What to produce -> Please find the line that holds "當人進(jìn)入紅外線(x" below and reproduce it, along with every line after it through the end, exactly and without pictures.

Information provided ->
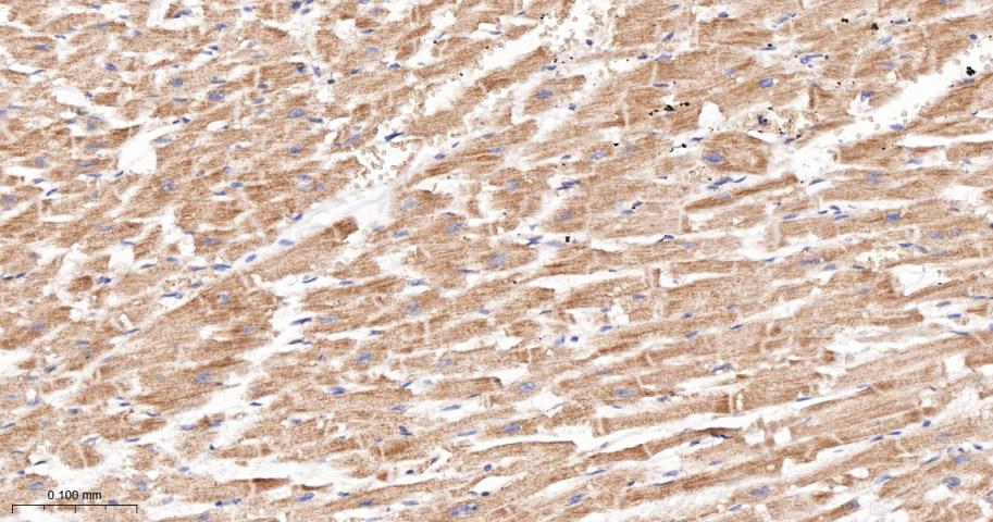 Paraformaldehyde-fixed, paraffin embedded Human Heart; Antigen retrieval by boiling in sodium citrate buffer (pH6.0) for 15 min; The section was incubated with FADS1 Monoclonal Antibody, Unconjugated (bsm-62440R) at 1:200 overnight at 4°C, followed by conjugation to the bs-0295G-HRP and DAB (C-0010) staining.
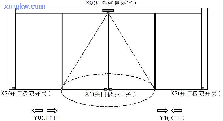 當人進(jìn)入紅外線(xiàn)傳感器區域時(shí),開(kāi)門(mén)電機啟動(dòng),門(mén)自動(dòng)打開(kāi),直到碰到開(kāi)門(mén)極限停止。
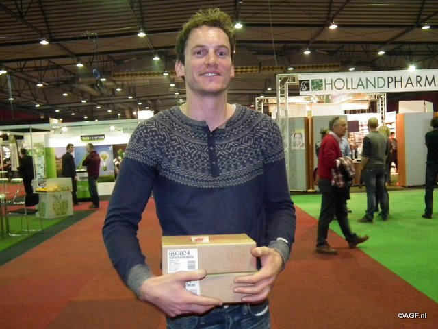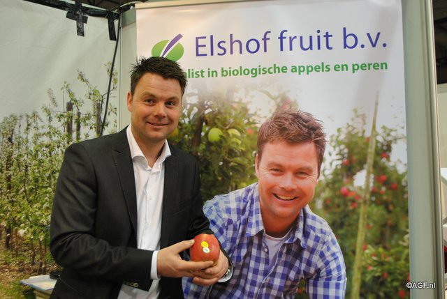 Robert Elshof met zijn beursprimeur de biologische lola appel.
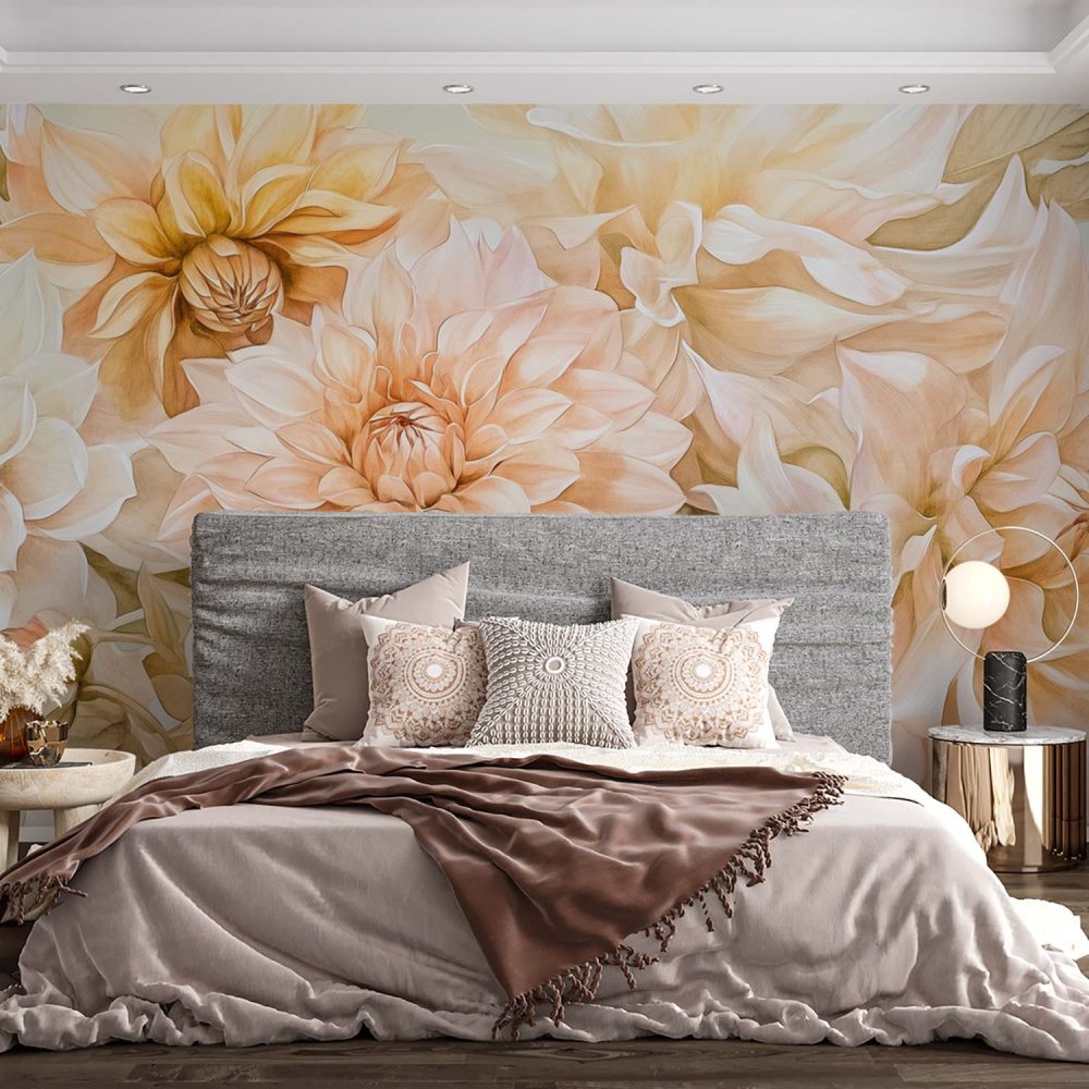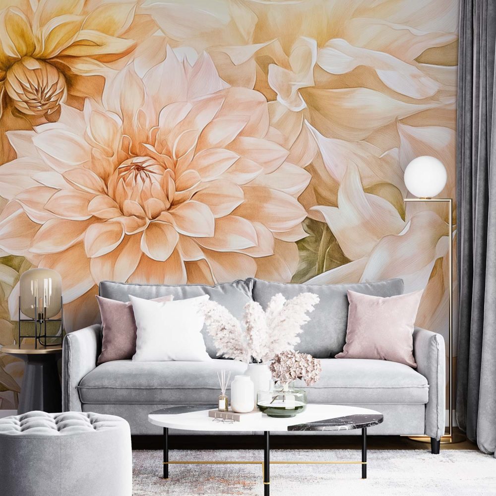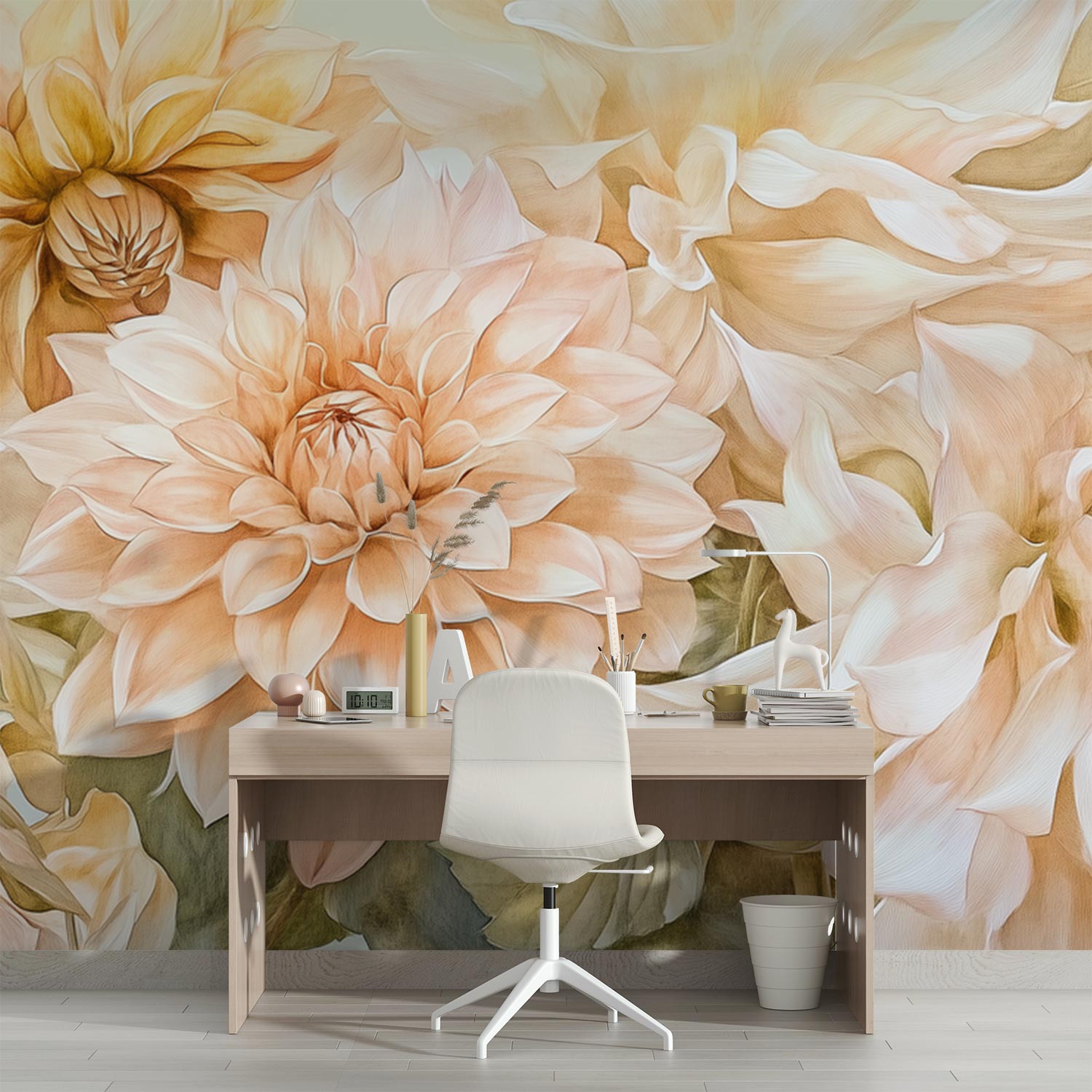 Terug naar collectie / Behang / Witte en perzik dahlia’s behang

Response box ->
 當人進(jìn)入紅外線(xiàn)傳感器區域時(shí),開(kāi)門(mén)電機啟動(dòng),門(mén)自動(dòng)打開(kāi),直到碰到開(kāi)門(mén)極限停止。
 Robert Elshof met zijn beursprimeur de biologische lola appel.
 Terug naar collectie / Behang / Witte en perzik dahlia’s behang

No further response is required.